* **EXERCISE BRIEF**: Skip the pictures and write out, word for word, the lines below from the one with "美味香甜的饼干出炉啦,纯真可爱的孩子们兴致勃勃的品味着自己亲手制作的美食。" through the one with "黒柿輪切り一枚板コーヒーテーブル(アイアン脚) 掵75×奥60×高70㎝ 黒柿一枚板ブックマッチ", inclusive.

[Saved data entries]
========================================================================

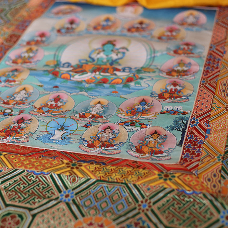 Thangkas – paintings of deities - are traditionally painted on canvas and used as the main support to meditation practice. Reproduced on long-lasting canvas, these thangkas are of such high quality that at first glance they appear painted. You can choose to have your printed thangkas framed in brocade in the traditional Tibetan style or without brocade, allowing you to choose how it will be displayed.
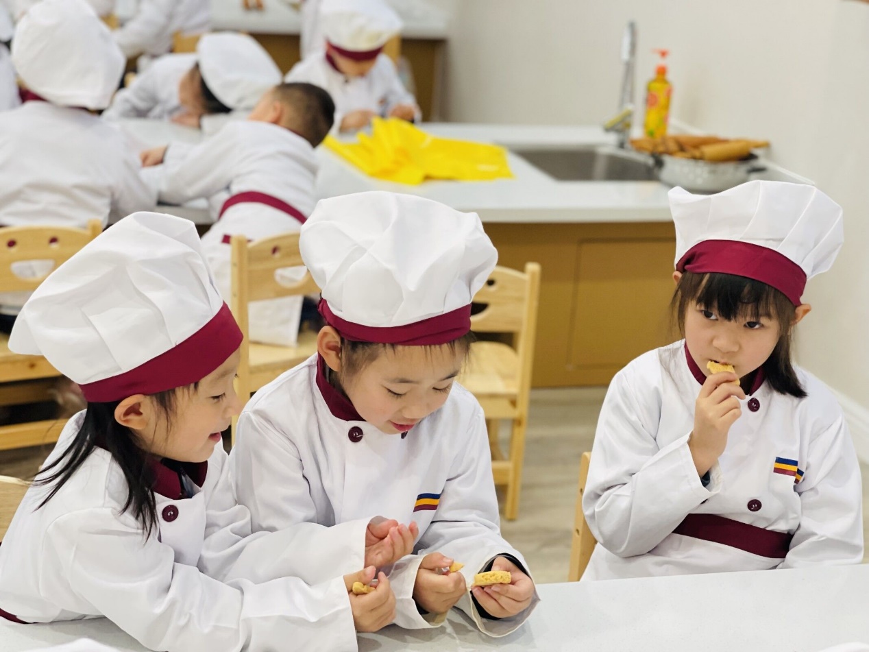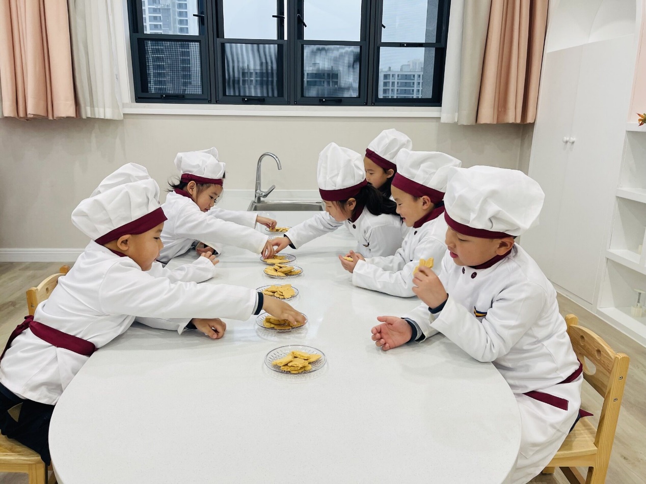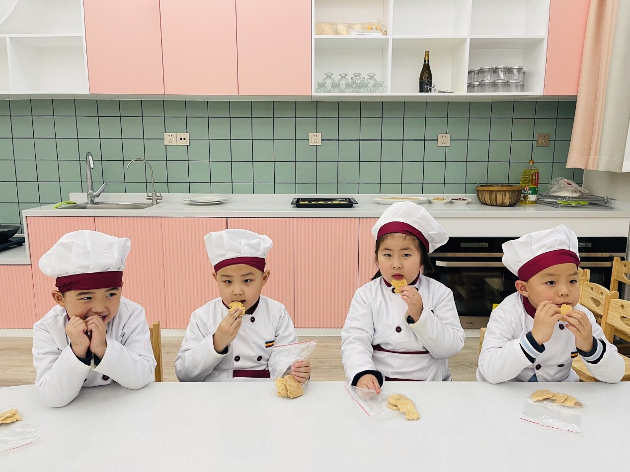 美味香甜的饼干出炉啦,纯真可爱的孩子们兴致勃勃的品味着自己亲手制作的美食。
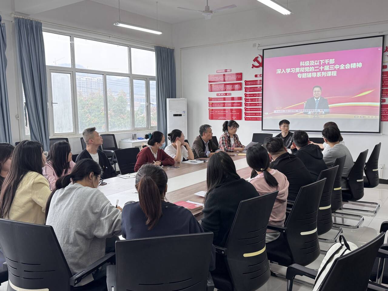 20241114日下午,理工学部教工党支部组织全体教工党员开展了“学习贯彻党的二十届三中全会精神”培训学习。
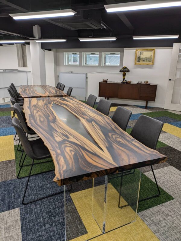 黒柿輪切り一枚板コーヒーテーブル(アイアン脚) 掵75×奥60×高70㎝ 黒柿一枚板ブックマッチ ダイニングテーブル(アイアン脚) 掵105×奥75×高70㎝ 黒柿一枚板ブックマッチ センターテーブル(アイアン脚) 巾105×奥75×高47㎝ 黒柿一枚板ブックマッチ レジンビックテーブル(アクリル脚) 巾220×奥96×高69.5㎝ ... 続きを読む
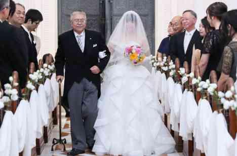 新郎様は甥っ子くん・姪っ子ちゃんとのご入場。しっかり歩いてくれるか心配されていましたが、堂々と先導してくれて新郎様の表情も柔らかく素敵でした。 新婦様のご入場では、お父様が杖を使用しながらのエスコート。最後まで歩けるか不安もありましたが、ウェディングドレス姿の新婦様と嬉しそうに腕組みをすると力強く一歩一歩進まれ、新郎様へバトンタッチされました。皆様も温かく見守って下さり、とても感動的でした。
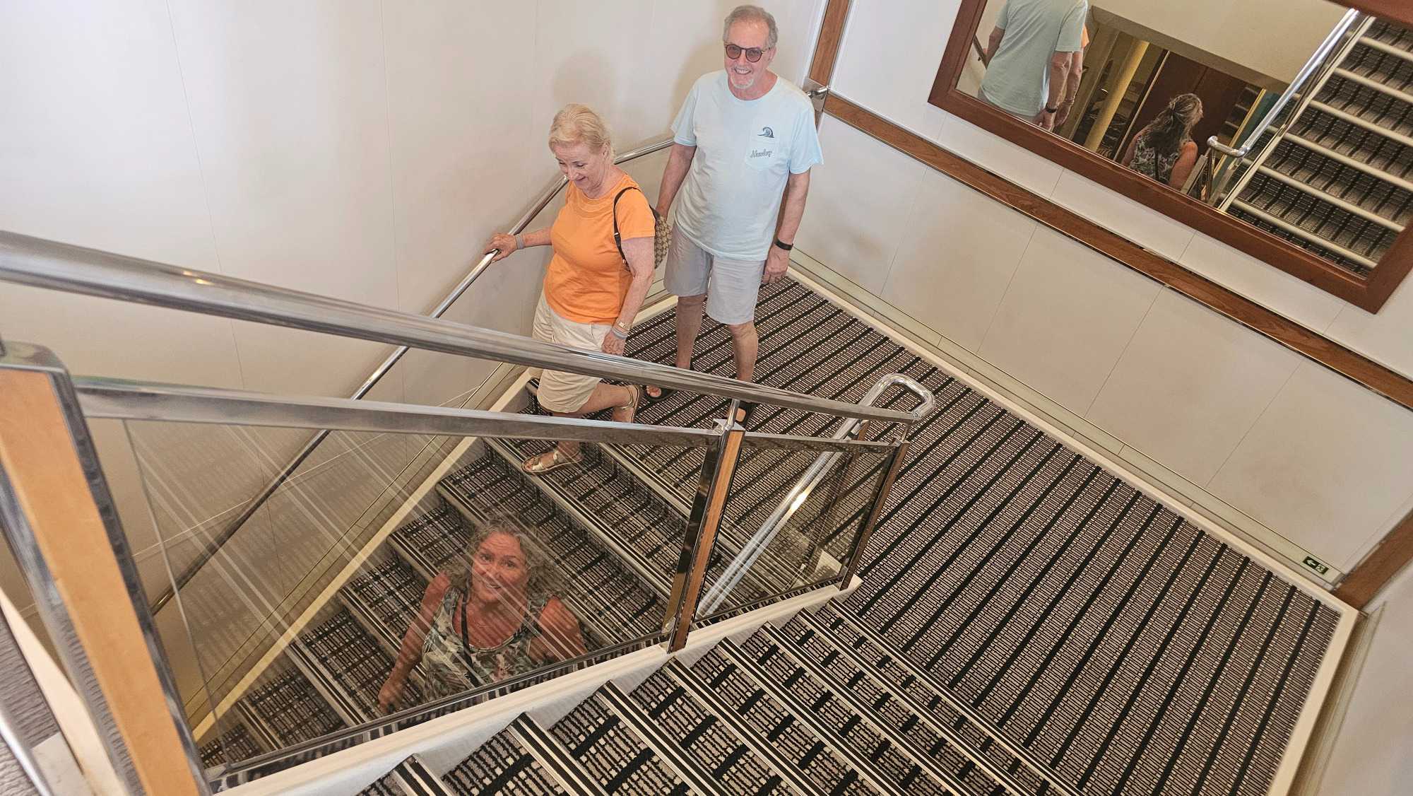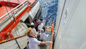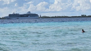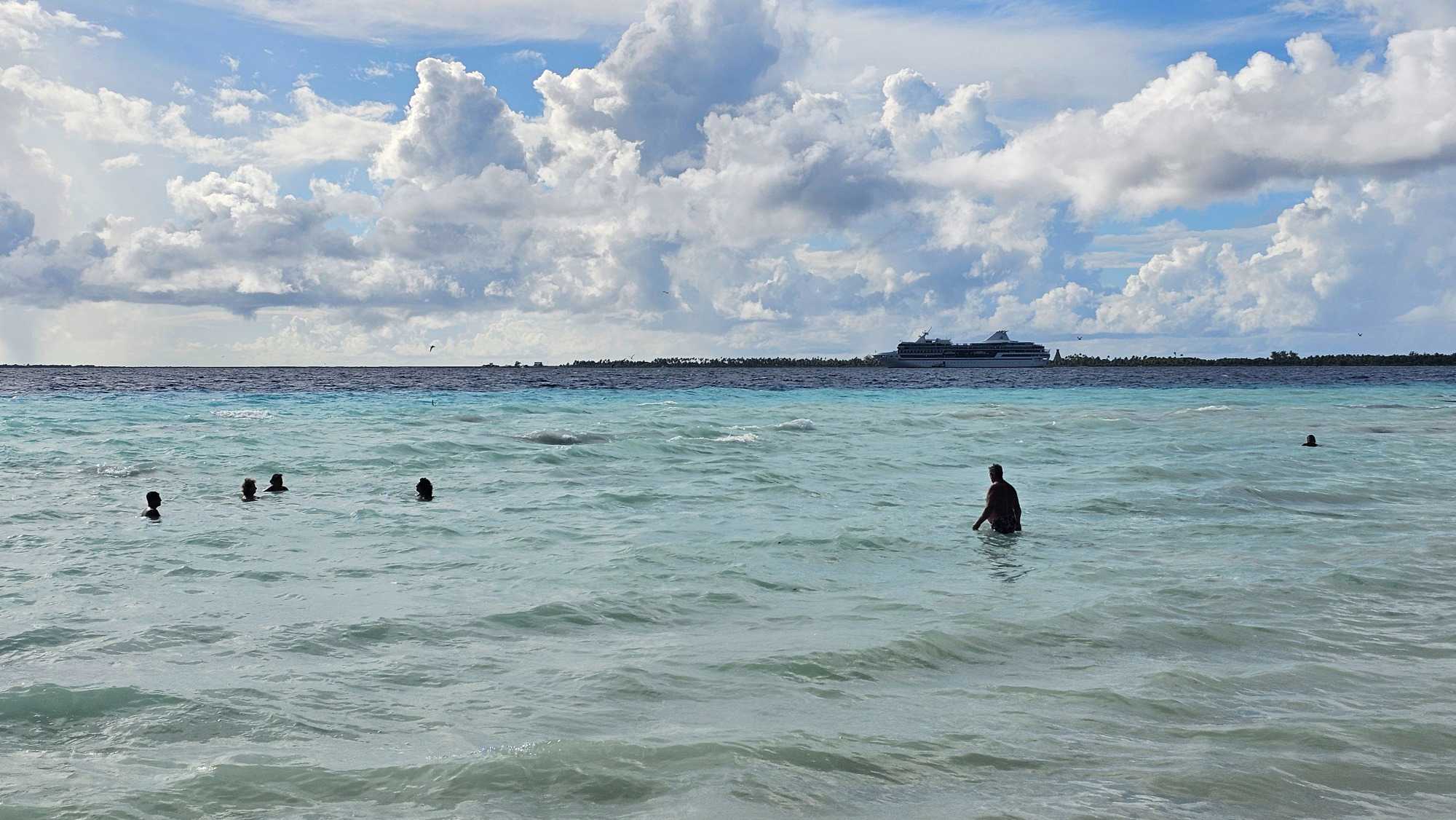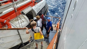La nuit passée a été des plus tranquilles, et j'ai personnellement choisi de laisser la fenêtre de ma porte patio ouverte pour m'endormir au doux bruit des vagues traversant l'océan. Au réveil, la mer était calme, les vagues semblaient minimes, mais on est quand même sur un gros navire, si bien que l'on sentait à peine le tangage. Ce fut véritablement une journée de navigation confortable. Sur les ponts, le vent était peu perceptible, mais nous ressentons tous l'intensité du soleil sur les ponts supérieurs. après quelques instants au soleil, certains cherchent l’ombre….

========================================================================

* **EXERCISE SOLUTION**:
 美味香甜的饼干出炉啦,纯真可爱的孩子们兴致勃勃的品味着自己亲手制作的美食。
 20241114日下午,理工学部教工党支部组织全体教工党员开展了“学习贯彻党的二十届三中全会精神”培训学习。
 黒柿輪切り一枚板コーヒーテーブル(アイアン脚) 掵75×奥60×高70㎝ 黒柿一枚板ブックマッチ ダイニングテーブル(アイアン脚) 掵105×奥75×高70㎝ 黒柿一枚板ブックマッチ センターテーブル(アイアン脚) 巾105×奥75×高47㎝ 黒柿一枚板ブックマッチ レジンビックテーブル(アクリル脚) 巾220×奥96×高69.5㎝ ... 続きを読む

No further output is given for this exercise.